I was wary of touching this because I was worried that it would read this as a dig at astropy. I promise that it isn’t intended that way ↩︎
Yes, I really saw this happen. The issues it caused got quite a long way from the offending developer due to heavy usage of lazy importing in libraries (also an unsavoury side effect of monopackages) ↩︎
think it was about 48 hours last time I ran scipy’s tests, not something I’d be keen to come back to ↩︎
lower version bounds testing solves this much easier than you’d expect ↩︎
default-optional-dependencies definitely reads better to me, too (and I think the benefit of matching the table name is significant enough for that to be preferable to the shorter default-extras)
I’m in the same boat as @Monarch. For apps that natively have a CLI, I don’t want to make rich a required dependency (since you don’t need it for JSON-centric programmatic use), but I do want to recommend installing it for interactive use. For libraries with an optional CLI, I’d like to make it easy to exclude the CLI-only dependencies entirely, but have it work by default when people are setting up a local development environment.
With PEP 771, that’s straightforward to do (define a rich-cli extra and include it as a default extra, splitting it into cli/rich-cli in the “also usable as a plain library” case).
Right now, I have to settle for defining the extras and hoping that people look at the documentation long enough to learn how to opt-in to the nicer experience.
As far as the backwards compatibility concern goes I’m with @trobitaille on this one: yes, old applications may start getting additional transitive dependencies installed if projects they depend on mark some of their existing extras as default extras (and the deployed dependencies aren’t locked or constrained by an installer feature like UV_EXCLUDE_NEWER). This can already happen without PEP 771, since new versions of existing dependencies can add new required dependencies (and sometimes those will be dependencies that were previously only brought in as optional dependencies). If PEP 771 means that more optional dependencies get added as default extras instead of as required dependencies, that’s still strictly better than the status quo (since, unlike required dependencies, affected projects that don’t want the added transitive dependencies will have a way to opt out while still updating to the newer version of the library itself).

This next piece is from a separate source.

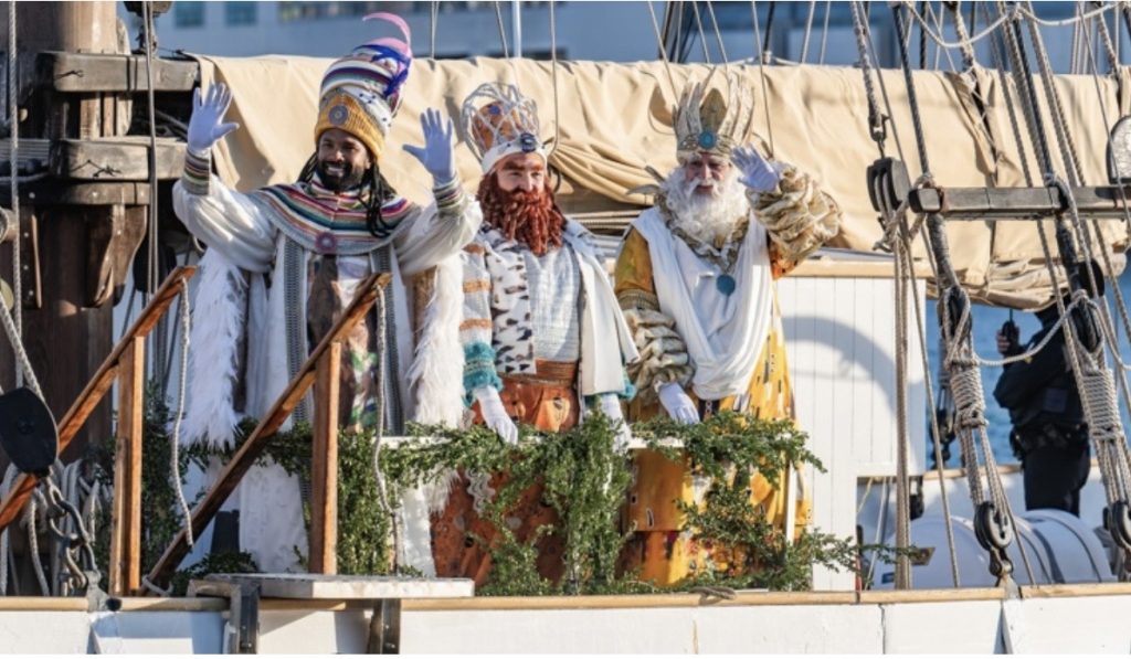 تقریبات کا اختتام 5 جنوری کو تھری وائز مین یعنی ’اَلس رَئیس ماگز‘ کی آمد سے ہوتا ہے۔ بارسلونا میں یہ جلوس شام 4:30 بجے بندرگاہ سے شروع ہو کر شہر کی مختلف سڑکوں سے گزرتا ہوا پلاسا دِ اسپانیا پر اختتام پذیر ہوتا ہے، جہاں بچوں پر مٹھائیاں نچھاور کی جاتی ہیں۔
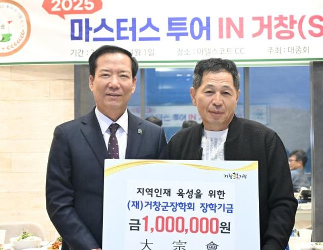 [파이낸셜경제=김예빈 기자] (재)거창군장학회는 지난 31일 지역인재 육성을 위해 대종회(大宗會)에서 ‘2025 마스터스 투어 In 거창(Spring)’ 경기 중 회원들이 모은 성금 100만 원을 장학회에 기탁했다고 밝혔다.

As others have noted, having the meaning of an unqualified package dependency differ based on whether it was “direct” or “indirect” would be adding significant complexity and opportunities for confusion as people wonder why pip install projectA projectB works, but making projectA depend on projectB and then doing pip install projectA fails (due to projectA relying on a transitive dependency brought in via projectB’s default extras). Those kinds of “missing dependency declaration” issues can already be hard enough to debug without adding that potential complication to the mix.